Reproduce the data in full, exactly as given, leaving images out.

RECORDED INFORMATION:
# # # #

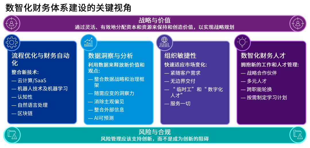 毕马威认为,数智化财务体系应围绕上述关键视角进行建设:
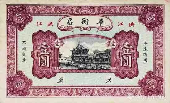 位于湖南省怀化市西南部的洪江,为华夏杂交水稻之发源地。民国年间,此地的华衡昌钱庄曾发行过壹圆光洋券(图6),其正面即带有上海豫园湖心亭的图景。此券纵9.6、横15.7厘米,由湖北省汉口石印公司印制。
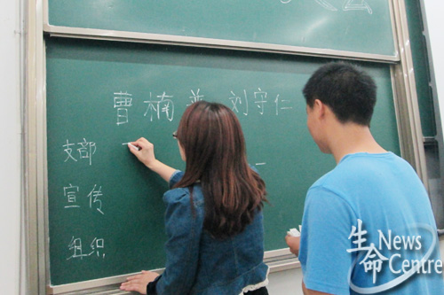 接着会议进入换届选举议程,曹楠普、刘守仁、张琪三位候选人上台发言,讲述自己在从事党务工作时的感悟和体会。最终以投票方式选举曹楠普为生信本科第二党支部书记,刘守仁为宣传委员,张琪为组织委员。

# # # #

RESULT OF THIS TASK:
 毕马威认为,数智化财务体系应围绕上述关键视角进行建设:
 位于湖南省怀化市西南部的洪江,为华夏杂交水稻之发源地。民国年间,此地的华衡昌钱庄曾发行过壹圆光洋券(图6),其正面即带有上海豫园湖心亭的图景。此券纵9.6、横15.7厘米,由湖北省汉口石印公司印制。
 接着会议进入换届选举议程,曹楠普、刘守仁、张琪三位候选人上台发言,讲述自己在从事党务工作时的感悟和体会。最终以投票方式选举曹楠普为生信本科第二党支部书记,刘守仁为宣传委员,张琪为组织委员。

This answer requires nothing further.